» **Try it**
Here the job is to transcribe the data exactly while omitting the images.

» **Collected material**
################
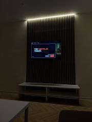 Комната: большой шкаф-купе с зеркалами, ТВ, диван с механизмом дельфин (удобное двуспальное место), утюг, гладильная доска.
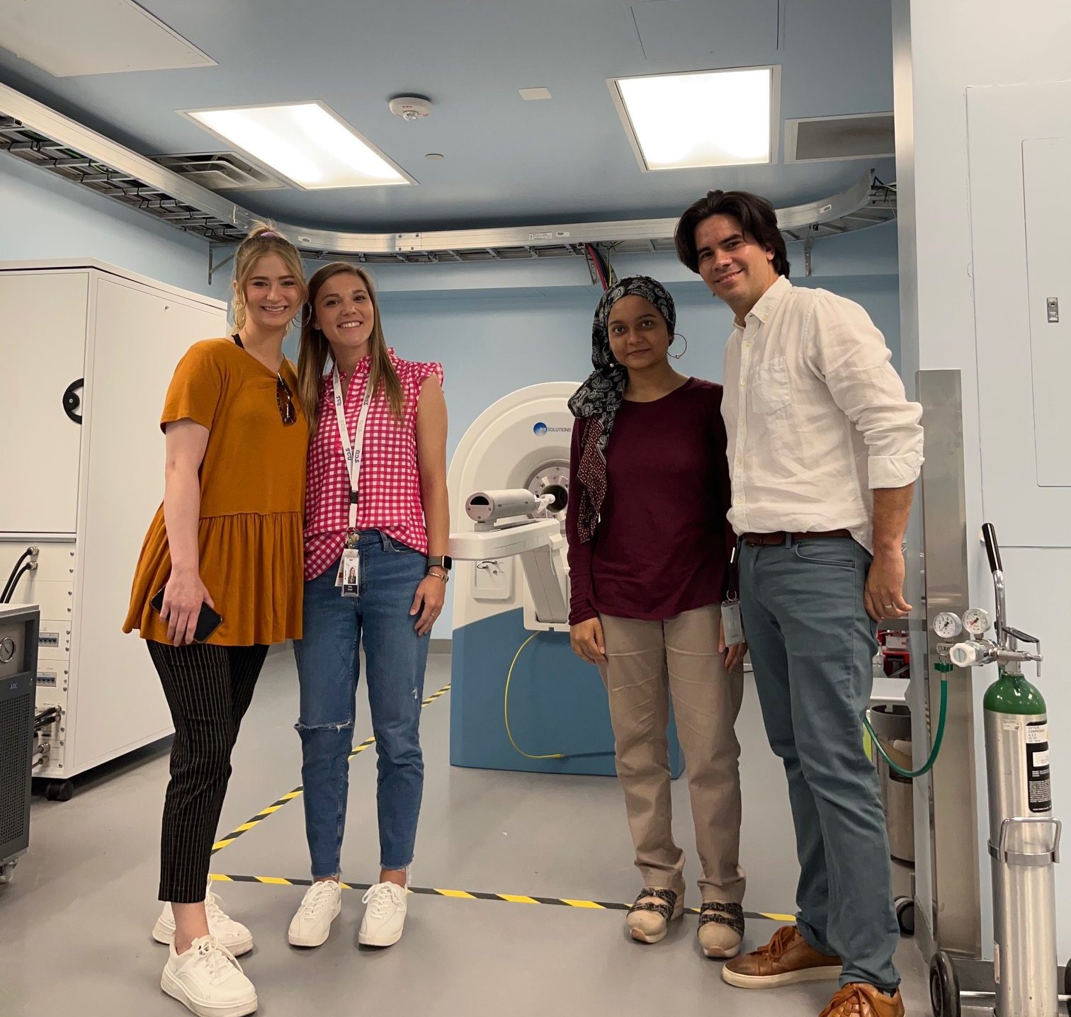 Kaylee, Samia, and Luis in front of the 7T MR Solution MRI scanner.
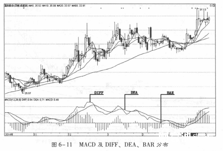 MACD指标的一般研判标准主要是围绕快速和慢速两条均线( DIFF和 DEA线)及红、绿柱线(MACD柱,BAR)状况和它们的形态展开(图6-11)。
################
» **Result of the task**
 Комната: большой шкаф-купе с зеркалами, ТВ, диван с механизмом дельфин (удобное двуспальное место), утюг, гладильная доска.
 Kaylee, Samia, and Luis in front of the 7T MR Solution MRI scanner.
 MACD指标的一般研判标准主要是围绕快速和慢速两条均线( DIFF和 DEA线)及红、绿柱线(MACD柱,BAR)状况和它们的形态展开(图6-11)。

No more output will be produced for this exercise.